Товарищ Волохов с утра сидел в своём кабинете на третьем этаже Дворца труда, удачно расположенного почти в самом центре города (в этот кабинет он был переселён после ликвидации писательского правления). День начинался, как и всегда, с чтения местных и центральных газет. Передовицы «Правды» и «Восточно-Сибирской правды» создавали нужный настрой, придавали уверенности. Без этого трудно было разбирать очередные рукописи и составлять многочисленные планы писательских выступлений, публикаций, общих собраний и поездок на места. А ведь нужно было ещё писать собственные речи и статьи для газет. Ну и стихи тоже надо было сочинять, хоть это и давалось ему всё трудней. Прежняя лёгкость была утрачена навеки. Былая беззаботность, когда рука сама выводила строчки, а внутренний голос нашёптывал и подсказывал – только успевай записывать! – куда-то испарилась. Внутренний голос упрямо молчал, а рука вдруг страшно отяжелела. Обычная газетная статья давалась с трудом. Только и спасали эти самые передовицы, в которых были и готовые формулировки, и окончательные суждения, и рецепты решения всех насущных вопросов. Вот только к поэзии это не имело никакого отношения. Хуже того – поэзия в его сердце вдруг умалилась, истончилась, обратилась в пустоту – зови её к себе, настраивайся на какой угодно лад – всё будет бесполезно. Нет её! И верно, уж не будет никогда!

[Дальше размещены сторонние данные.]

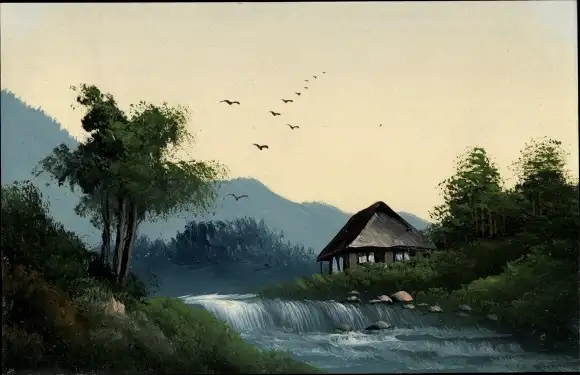 Ak Japan, Wohnhaus, Fluss, Fliegende Vögel

Всё это безотчётно чувствовал поэт Волохов, и чем дальше – тем отчётливее. Высокая поэзия покинула его. Если бы он был вовсе бездарен – всё было бы проще. Но он хорошо помнил это одушевление, эту волшебную лёгкость, когда тебе всё по силам, а душа летит среди звёзд – невесомая, бесплотная, вечная… Да, он запомнил это божественное чувство. Тем тяжелее было это казённое существование, этот мрачный кабинет с голыми стенами, эти ворохи бумаг и этот чёрный телефон на столе, издававший пронзительные и противные трели, и тогда нужно было уверенно брать тяжёлую трубку и говорить в неё твёрдо и веско, рубить окончательными решениями, без всяких полутонов, без лирики, без мистики и без этих самых звёзд. Волохов чувствовал себя как в капкане. Просвета не было. Жить не хотелось.
В такую-то минуту дверь вдруг распахнулась, и в кабинет уверенно зашёл военный – отличнейшие хромовые сапоги, синее галифе, коричневый китель, фуражка со звездой. На левом боку – кожаная планшетка на ремне, на правом – блестящая кобура с пистолетом. Волохов сразу весь подобрался, живо встал и прошёл к гостю. Он уже понял, кто перед ним. Знал и то, что этот худощавый мужчина с невыразительным лицом и сдержанными манерами может сделать с ним всё что угодно. Это ничего не значит, что он вежлив и глядит приветливо. В любой момент он может испустить печальный вздох и молвить с грустью: «Гражданин Волохов, вам придётся проехать с нами!» И он пойдёт, куда прикажут. Спорить и сопротивляться нельзя, это выйдет себе дороже. Пойдёт как миленький и покорно примет всё, что ниспошлёт ему судьба! Всё это Волохов безотчётно чувствовал. Он так и впился взглядом в непрошеного гостя. А тот неспешно осматривался и словно бы не замечал смятения хозяина кабинета. Да он уже и привык к такой реакции на свой приход. Куда бы он ни заходил, хоть в кабинет к первому секретарю горкома, – везде лица бледнели и вытягивались, а в глазах появлялось собачье выражение. Котин поначалу удивлялся, а потом стал принимать как должное. Ведь не его же лично боятся! В его лице боятся и уважают советскую власть. И это правильно. Без этого не было бы ни порядка, ни целеустремлённости и ни самой советской власти. Кто-то ведь должен руководить всем этим бардаком? Без руководящей и направляющей силы наступит хаос. Допустить этого нельзя.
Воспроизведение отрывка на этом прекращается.